Tuesday, March 18, 2008

Still alive

Alli did finally, after receiving a scathing myspace message from my SIL, tell me (via a myspace message) that she is getting married. Here's a slightly edited copy of that message:

"I love you very very much. I'm so sorry for how I have treated you. You have been there for me when my real mom never was. You never left my side when I was in the hospital. You even slept on the freakin floor so you could be there with me. You watched me give birth to my beautiful baby girl. I watched you hold your dead granddaughter and listened to you talk about how pretty she was and what your favorite part about her was. You take care of Elvis when I don't think I can anymore. (I know I don't have the patience i used to) I couldn't ask for anyone better.

I know you'll never give up on me. I guess i just keep expecting you to because everyone else has. I know that you will support whatever it is that I do no matter how ridiculous you think it might be. I feel like I got a second chance at having a life when I came to live here. I want to make you proud of me. I'm going to make something of myself. You'll see. I love you so much. Thanks for being there for me for the past 5 years. With out you I don't know what I would do.

I'm gonna go back to work and I'm going to start paying you rent again. Honestly I'm terrified to go back. I m scared I wont be able to keep myself together long. That's why I have been putting it off for so long. I know you have spent a lot of money on me. I'm sorry I flunked out last semester. I didn't go to school because I was on bed rest. If I had told you I was pregnant we probably could have gotten around that.

I'm going to marry Boy Wonder. I'm sorry I couldn't tell you to your face. I know that you support me no matter what. Like (SIL) told me, that was pretty shitty. I love you and I'm sorry for every thing:( "

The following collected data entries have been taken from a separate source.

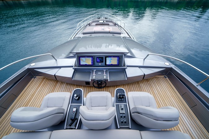 Constructed from advanced composite materials including carbon fiber she boasts a sleek, aerodynamic profile accentuated by Pershing’s signature side wings and an elegantly styled sundeck.
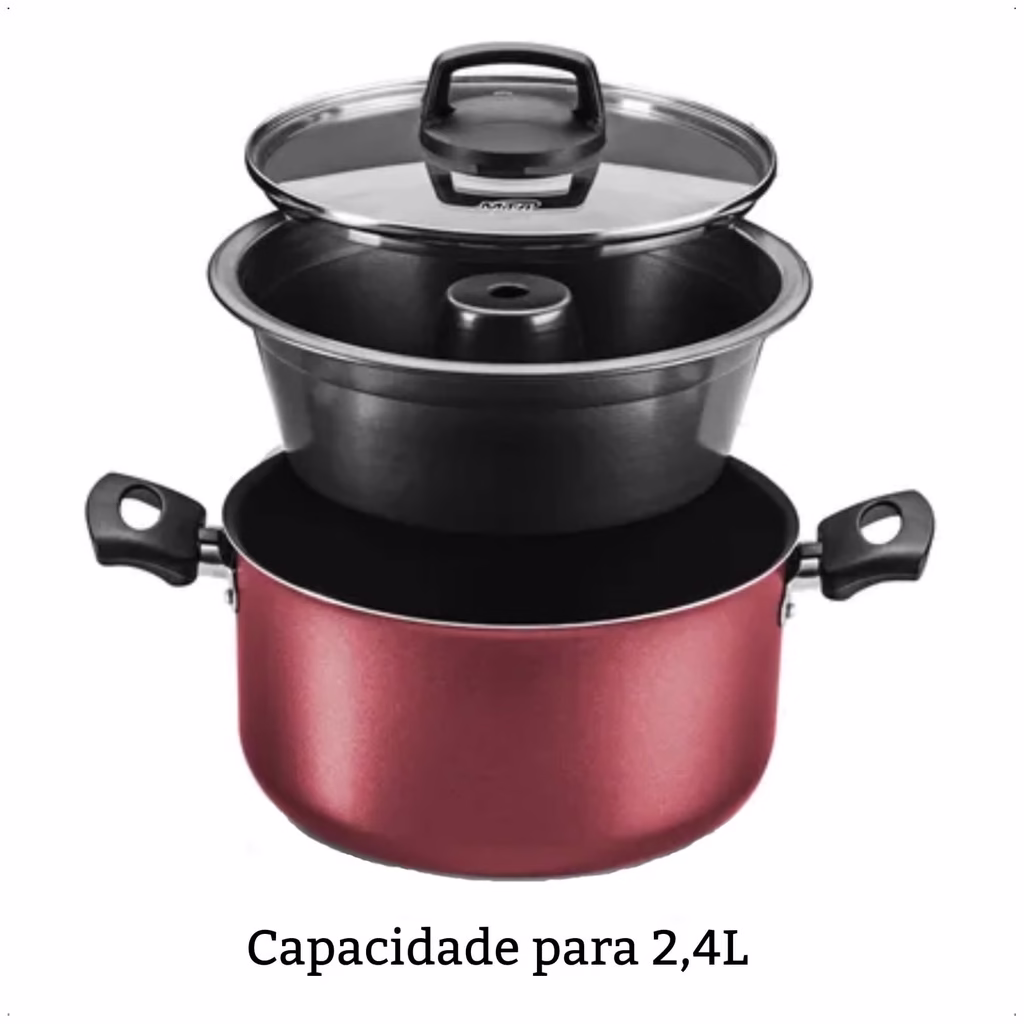Composto por uma caçarola e uma forma com revestimento interno e externo em antiaderente, ele oferece um cozimento rápido e uniforme dos alimentos além de utilizar sua forma também para bolo e evita que eles grudem em seu revestimento, o que proporciona maior facilidade na limpeza.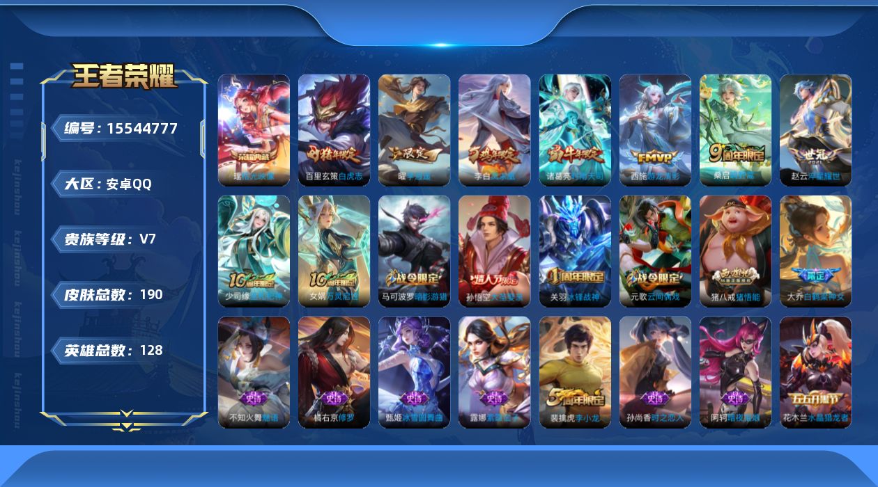 V7 1典藏 8传说 128英雄 190皮肤 可修改实名 【英雄全皮】敖隐全皮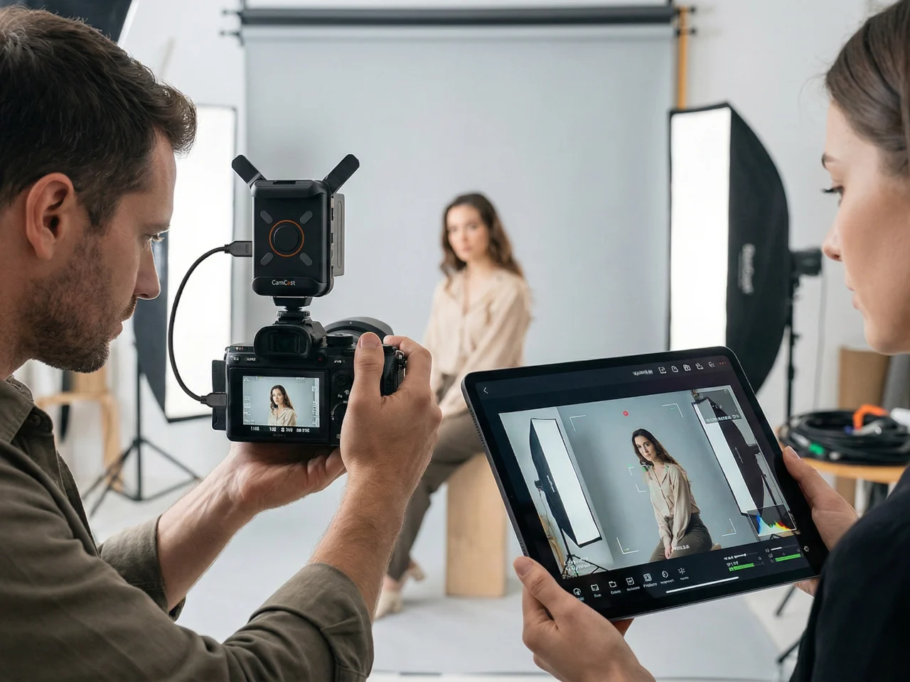 Питание CT-1 получает от аккумулятора формата NP-F, распространенного среди производителей кинооборудования, либо через порт USB-C при напряжении 5 В и силе тока 3 А. Помимо трансляции изображения, передатчик оснащен модулем управления камерой по протоколу PTP. С помощью приложения CamCast на телефоне или планшете можно дистанционно менять выдержку, ISO, диафрагму, цветовую температуру и перемещаться по меню камеры.
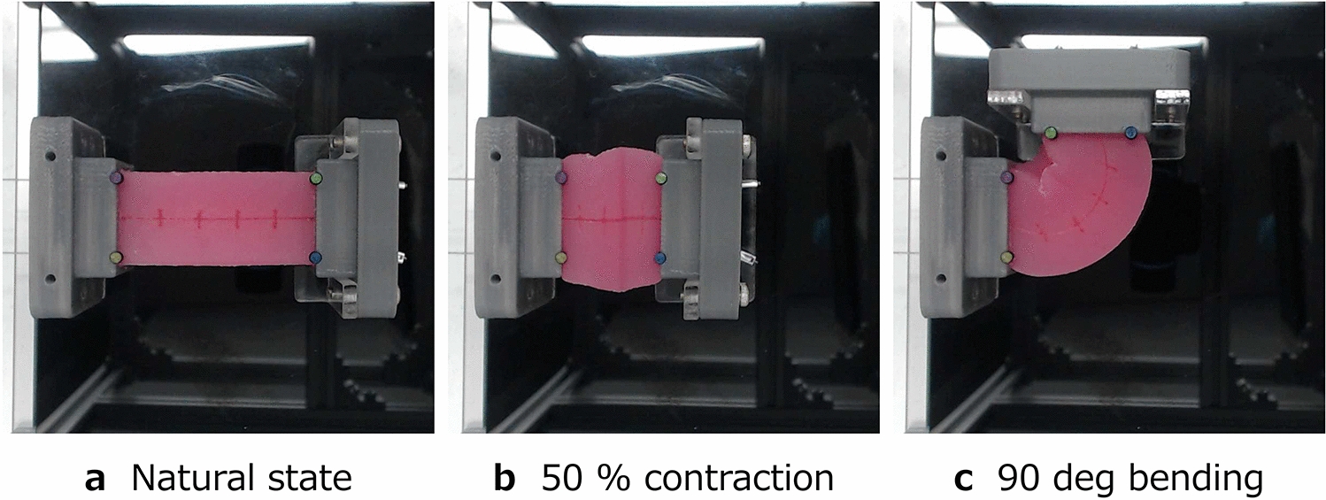 The contraction and bending deformations are shown in Fig. 3. A contraction of 50% of the natural length and a cap angle of 90° have been achieved. At a plasticizer mixing ratio of 10 wt%, the tensile force required for 90° bending was about 15 N when the length of one wire was fixed at the initial length and the other wire was pulled. The deformable part was repeatedly bent by wire tension during durability tests, and the addition of a soft tube increased the number of cycles until the silicone resin was torn by the wire by > 10 times [14].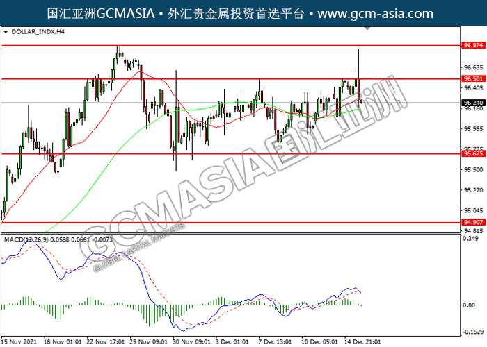 20211216 DOLLAR_INDX by willy | Dec 16, 2021 | 美元指数 | 0 comments DOLLAR_INDX,H4:美指高位回落。MACD多头动能略减,短期可关注空头为主。上方关96.50压力和96.85压力,下方关注95.70支撑和94.90支撑。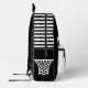 Score big with this bold and sporty black and white left-handed basketball backpack for boys, featuring a powerful basketball player silhouette on the front. Whether heading to school, summer camp, a weekend sleepover, sport, basketball practice or travel, this custom backpack is built for comfort, style, and performance.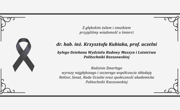 Rodzinie Zmarłego wyrazy głębokiego współczucia składają Rektor, Senat oraz Społeczność Akademicka Politechniki Rzeszowskiej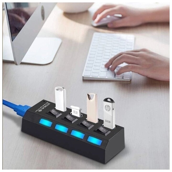 10 цен на USB Hub разветвитель на 4 USB с выключателями (Черный)

So, there we are. She's been made aware of my feelings and apologized. Where, exactly, we go from here, I don't know. The first 15 years of her life can't be undone. However, I can't switch to her way of thinking, either. We've got to find a way to meet in the middle if our relationship is to continue.

I'm still oddly okay with them marrying. Well, maybe not okay but not devastated, either. The Serenity Prayer keeps running through my mind and I guess that helps. There is truly nothing I can do in this situation, other than to accept her decision. I just wish, if they are going to do this, they'd do it here or, at least, invite us. How sad they feel the need to run off and do it alone. It's not the end of the world (for me, anyway - LOL).

Cori is still here. Her worker is obviously dodging me, as she hasn't returned my calls or emails. I'm still counting on respite to start next Monday. I'll likely be suicidal - maybe homicidal? - if they don't keep up their end of the bargain. I NEED that break...more than they could ever know. She's actually levelled off some. I guess since she knows she leaving. Her big thing now is to totally soak the bathroom when she showers. (Of course, compared to the spontaneous vomiting and the cutting, a wet bathroom floor is nothing!) I refuse to correct her, since she knows exactly what she's doing. She's waiting for the reaction and I refuse to give it to her. (When I report I've broken a hip sliding on the wet bathroom floor, feel free to remind me of that decision.)

Beth has her ups and downs but continues to be a good kid. She's in a mood tonight. All she says is there is drama at school. Luckily, tomorrow is the kids' last day of school until April 7th. Perhaps the drama will have subsided by then.

While the kids are out after tomorrow, I have to survive Thursday, too. Those are the longest days in the whole school year. They will trap us in meetings all day and act like the info they are presenting is going to make or break us. To us, it feels like they are just finding ways to torture so we appreciate the break a little more. Whatever, the true purpose of the teacher training day, it will feel like it lasts 15 hours but, the feeling when it's over and we've survived is out of this world!